━━ Data for this task

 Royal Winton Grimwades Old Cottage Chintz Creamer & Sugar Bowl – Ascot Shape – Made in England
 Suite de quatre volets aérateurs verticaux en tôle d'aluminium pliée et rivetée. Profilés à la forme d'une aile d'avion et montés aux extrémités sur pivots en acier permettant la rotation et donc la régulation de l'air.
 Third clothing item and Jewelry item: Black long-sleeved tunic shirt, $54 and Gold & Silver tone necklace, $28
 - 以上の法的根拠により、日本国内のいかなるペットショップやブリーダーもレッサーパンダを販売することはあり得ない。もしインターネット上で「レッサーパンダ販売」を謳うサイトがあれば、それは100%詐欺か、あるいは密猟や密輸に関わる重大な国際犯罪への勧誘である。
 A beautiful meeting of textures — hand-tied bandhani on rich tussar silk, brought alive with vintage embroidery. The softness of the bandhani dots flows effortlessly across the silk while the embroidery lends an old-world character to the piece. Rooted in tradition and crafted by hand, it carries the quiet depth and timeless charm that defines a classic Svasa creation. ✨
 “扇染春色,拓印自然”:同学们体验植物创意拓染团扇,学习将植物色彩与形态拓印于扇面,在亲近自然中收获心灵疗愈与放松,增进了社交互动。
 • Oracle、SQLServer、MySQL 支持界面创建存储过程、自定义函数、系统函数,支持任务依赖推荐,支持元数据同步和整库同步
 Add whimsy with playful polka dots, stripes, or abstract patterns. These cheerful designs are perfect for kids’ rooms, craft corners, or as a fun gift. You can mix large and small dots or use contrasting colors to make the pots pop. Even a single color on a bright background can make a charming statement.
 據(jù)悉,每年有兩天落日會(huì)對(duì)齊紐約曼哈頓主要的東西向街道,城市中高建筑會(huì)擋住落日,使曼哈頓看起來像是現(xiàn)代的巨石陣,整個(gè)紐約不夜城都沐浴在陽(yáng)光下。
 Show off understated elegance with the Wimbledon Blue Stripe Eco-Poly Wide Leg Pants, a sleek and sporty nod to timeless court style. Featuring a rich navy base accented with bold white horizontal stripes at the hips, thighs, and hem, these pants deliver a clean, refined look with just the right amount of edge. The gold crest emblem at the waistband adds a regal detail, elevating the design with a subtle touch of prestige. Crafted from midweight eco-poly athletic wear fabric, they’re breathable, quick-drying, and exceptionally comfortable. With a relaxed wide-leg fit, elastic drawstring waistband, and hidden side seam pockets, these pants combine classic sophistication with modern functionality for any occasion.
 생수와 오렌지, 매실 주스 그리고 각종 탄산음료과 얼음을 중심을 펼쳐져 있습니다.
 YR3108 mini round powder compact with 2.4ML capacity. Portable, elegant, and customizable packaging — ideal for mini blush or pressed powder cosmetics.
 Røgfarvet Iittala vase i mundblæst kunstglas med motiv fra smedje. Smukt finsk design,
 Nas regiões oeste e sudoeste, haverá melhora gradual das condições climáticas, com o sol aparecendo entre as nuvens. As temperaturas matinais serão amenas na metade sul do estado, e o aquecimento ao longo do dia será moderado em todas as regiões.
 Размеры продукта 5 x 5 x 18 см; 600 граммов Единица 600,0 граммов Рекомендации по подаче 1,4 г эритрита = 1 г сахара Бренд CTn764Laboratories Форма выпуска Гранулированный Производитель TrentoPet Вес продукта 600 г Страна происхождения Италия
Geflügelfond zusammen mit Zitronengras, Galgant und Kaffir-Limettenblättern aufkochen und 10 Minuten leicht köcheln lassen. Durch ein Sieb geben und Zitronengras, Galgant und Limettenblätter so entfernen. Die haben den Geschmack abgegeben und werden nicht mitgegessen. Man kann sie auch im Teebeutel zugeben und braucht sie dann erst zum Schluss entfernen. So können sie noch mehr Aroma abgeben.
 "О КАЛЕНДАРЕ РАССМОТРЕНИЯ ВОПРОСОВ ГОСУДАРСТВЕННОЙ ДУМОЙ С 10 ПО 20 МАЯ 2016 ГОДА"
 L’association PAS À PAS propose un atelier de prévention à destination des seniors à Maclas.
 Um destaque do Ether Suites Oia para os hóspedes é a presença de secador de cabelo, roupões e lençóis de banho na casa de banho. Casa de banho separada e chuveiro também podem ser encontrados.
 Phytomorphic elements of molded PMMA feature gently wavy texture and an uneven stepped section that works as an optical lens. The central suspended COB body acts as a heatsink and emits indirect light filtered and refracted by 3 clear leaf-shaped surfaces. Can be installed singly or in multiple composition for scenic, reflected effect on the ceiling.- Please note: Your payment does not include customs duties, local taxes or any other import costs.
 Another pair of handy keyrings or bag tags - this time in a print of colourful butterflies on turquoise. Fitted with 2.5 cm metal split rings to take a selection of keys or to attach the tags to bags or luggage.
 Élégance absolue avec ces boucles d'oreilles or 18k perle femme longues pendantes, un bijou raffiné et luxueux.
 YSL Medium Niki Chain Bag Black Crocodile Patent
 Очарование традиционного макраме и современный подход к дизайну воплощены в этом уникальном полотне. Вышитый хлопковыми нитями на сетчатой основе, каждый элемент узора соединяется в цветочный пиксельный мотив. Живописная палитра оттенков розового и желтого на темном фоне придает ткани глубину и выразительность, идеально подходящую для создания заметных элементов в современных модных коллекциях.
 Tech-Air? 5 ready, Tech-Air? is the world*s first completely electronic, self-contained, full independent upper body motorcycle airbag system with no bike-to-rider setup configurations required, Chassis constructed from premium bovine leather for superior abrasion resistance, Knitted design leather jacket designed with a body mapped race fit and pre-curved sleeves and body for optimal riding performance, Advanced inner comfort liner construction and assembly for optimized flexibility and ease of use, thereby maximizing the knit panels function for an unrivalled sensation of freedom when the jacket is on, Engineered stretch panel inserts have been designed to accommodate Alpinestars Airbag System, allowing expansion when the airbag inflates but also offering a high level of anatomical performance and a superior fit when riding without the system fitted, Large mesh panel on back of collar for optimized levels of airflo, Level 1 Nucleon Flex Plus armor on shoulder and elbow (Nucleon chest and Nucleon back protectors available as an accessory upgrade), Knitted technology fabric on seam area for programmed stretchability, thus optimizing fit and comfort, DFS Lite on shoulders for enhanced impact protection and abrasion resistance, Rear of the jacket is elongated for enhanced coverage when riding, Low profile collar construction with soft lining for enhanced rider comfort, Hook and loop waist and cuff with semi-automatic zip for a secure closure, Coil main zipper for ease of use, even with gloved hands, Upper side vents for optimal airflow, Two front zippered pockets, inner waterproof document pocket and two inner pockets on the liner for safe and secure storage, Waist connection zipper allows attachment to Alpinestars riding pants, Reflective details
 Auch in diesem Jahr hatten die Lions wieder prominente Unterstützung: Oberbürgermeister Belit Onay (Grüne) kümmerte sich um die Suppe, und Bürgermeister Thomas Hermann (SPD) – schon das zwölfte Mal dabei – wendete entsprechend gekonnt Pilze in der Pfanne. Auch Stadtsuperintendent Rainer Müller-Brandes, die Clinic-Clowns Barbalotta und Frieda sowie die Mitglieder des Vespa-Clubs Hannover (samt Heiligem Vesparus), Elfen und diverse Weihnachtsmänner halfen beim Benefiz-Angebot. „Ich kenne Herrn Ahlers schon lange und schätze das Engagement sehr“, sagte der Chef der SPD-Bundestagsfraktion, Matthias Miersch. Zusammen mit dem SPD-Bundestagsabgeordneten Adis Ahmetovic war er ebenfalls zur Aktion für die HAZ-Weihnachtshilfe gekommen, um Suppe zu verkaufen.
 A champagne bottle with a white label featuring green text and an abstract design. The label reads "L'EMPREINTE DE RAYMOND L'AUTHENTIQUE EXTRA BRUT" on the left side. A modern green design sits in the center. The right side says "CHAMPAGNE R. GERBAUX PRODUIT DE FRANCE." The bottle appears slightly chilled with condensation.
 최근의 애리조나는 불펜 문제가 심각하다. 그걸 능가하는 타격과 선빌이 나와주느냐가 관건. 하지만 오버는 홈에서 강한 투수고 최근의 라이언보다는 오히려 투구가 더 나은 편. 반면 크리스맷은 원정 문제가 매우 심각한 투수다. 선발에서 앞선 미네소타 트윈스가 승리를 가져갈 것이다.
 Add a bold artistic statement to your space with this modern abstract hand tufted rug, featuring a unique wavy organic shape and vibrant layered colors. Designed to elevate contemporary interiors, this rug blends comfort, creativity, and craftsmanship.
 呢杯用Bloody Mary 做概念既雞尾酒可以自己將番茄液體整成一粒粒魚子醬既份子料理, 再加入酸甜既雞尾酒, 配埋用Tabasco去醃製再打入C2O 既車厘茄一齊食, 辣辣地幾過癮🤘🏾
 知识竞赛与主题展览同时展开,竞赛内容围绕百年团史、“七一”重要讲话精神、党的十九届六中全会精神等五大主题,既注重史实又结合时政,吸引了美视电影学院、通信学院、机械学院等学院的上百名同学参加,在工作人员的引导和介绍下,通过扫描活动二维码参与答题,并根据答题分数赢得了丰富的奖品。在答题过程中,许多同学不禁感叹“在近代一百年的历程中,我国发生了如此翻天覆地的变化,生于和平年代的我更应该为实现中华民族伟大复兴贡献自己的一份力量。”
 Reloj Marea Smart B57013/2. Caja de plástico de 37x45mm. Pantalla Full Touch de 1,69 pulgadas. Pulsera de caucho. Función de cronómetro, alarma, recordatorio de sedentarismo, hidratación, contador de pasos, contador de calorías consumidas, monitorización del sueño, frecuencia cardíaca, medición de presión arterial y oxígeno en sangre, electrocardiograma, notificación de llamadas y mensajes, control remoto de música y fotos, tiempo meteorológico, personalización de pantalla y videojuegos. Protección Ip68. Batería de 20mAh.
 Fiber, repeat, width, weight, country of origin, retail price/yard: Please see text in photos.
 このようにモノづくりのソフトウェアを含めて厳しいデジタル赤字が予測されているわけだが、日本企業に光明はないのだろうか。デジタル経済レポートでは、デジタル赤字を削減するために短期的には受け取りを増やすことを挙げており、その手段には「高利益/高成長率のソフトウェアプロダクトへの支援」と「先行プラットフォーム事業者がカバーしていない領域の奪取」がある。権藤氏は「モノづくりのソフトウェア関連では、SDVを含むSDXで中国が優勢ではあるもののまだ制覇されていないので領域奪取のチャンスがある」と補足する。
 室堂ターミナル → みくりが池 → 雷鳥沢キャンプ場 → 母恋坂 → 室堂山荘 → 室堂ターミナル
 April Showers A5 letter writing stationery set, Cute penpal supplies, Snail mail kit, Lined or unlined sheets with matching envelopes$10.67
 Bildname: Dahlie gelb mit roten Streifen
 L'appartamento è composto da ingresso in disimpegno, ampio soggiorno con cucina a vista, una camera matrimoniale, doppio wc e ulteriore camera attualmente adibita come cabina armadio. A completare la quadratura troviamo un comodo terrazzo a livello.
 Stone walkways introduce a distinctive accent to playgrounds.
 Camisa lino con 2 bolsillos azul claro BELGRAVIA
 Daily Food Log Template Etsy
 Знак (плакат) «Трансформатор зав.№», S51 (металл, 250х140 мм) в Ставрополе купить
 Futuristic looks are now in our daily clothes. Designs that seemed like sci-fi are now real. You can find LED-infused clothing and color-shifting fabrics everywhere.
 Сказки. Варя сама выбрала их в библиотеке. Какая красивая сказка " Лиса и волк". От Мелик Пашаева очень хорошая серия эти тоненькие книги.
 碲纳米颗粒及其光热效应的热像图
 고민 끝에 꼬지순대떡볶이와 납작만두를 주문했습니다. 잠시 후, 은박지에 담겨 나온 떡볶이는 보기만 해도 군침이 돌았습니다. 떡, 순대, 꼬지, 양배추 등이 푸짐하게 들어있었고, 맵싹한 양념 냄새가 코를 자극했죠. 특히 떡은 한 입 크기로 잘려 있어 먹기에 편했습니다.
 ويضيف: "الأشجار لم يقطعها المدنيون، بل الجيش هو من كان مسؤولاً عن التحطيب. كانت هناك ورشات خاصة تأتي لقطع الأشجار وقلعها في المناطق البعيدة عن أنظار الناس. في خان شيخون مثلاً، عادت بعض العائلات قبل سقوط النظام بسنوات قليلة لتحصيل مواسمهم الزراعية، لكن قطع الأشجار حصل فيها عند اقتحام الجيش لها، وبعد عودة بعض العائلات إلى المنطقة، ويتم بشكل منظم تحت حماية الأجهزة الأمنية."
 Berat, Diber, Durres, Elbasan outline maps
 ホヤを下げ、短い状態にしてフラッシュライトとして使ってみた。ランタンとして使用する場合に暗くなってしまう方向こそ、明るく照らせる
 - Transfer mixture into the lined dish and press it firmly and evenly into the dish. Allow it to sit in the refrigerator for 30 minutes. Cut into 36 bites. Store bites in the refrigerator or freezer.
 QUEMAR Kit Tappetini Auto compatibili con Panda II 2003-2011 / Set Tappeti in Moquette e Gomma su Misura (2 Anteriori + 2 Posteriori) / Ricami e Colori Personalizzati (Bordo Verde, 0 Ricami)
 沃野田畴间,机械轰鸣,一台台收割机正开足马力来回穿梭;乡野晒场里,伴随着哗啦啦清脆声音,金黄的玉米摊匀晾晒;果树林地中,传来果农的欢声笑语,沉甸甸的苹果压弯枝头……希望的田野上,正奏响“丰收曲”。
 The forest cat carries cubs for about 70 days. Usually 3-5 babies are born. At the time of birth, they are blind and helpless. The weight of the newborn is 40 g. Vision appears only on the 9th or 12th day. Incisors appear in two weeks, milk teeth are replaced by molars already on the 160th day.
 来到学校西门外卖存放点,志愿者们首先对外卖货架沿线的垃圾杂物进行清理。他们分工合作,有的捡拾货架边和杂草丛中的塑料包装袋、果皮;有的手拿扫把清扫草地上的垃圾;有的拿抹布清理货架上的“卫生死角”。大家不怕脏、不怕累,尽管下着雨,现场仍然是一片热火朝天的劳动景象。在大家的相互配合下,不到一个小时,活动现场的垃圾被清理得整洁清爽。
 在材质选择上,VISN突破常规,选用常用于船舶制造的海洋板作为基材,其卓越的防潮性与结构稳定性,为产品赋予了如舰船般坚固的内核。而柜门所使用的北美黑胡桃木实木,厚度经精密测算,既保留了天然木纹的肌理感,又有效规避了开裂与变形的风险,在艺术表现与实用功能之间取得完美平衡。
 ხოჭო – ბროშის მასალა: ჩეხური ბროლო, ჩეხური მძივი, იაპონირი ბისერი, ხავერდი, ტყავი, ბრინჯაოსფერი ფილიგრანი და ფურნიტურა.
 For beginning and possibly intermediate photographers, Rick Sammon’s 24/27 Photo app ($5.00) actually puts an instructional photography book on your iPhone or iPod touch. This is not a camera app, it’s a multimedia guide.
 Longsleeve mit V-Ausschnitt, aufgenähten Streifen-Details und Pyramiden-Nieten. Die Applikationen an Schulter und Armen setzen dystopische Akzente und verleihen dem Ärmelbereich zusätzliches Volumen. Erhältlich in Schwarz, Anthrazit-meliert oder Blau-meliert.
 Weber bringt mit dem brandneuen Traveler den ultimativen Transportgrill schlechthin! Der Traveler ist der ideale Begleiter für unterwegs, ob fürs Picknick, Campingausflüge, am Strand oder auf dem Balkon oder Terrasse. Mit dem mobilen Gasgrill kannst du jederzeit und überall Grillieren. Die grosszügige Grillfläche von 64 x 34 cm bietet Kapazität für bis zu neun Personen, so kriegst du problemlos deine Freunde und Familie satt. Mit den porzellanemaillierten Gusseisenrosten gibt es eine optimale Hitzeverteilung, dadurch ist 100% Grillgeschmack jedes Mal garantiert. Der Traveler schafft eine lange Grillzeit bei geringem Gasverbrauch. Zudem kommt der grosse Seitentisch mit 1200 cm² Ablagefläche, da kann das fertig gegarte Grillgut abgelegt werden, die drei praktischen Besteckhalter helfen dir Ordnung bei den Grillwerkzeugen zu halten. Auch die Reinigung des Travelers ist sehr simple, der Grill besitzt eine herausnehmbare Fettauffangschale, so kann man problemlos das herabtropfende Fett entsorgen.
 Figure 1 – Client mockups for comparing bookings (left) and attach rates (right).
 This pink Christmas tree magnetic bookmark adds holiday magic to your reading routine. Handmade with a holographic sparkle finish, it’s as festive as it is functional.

━━━━

* [What the exercise asks]
Starting at the line that contains "Figure 1 – Client", transcribe every line through the last line of the entries above, exactly, and nothing else.

* [Exercise response]
 Figure 1 – Client mockups for comparing bookings (left) and attach rates (right).
 This pink Christmas tree magnetic bookmark adds holiday magic to your reading routine. Handmade with a holographic sparkle finish, it’s as festive as it is functional.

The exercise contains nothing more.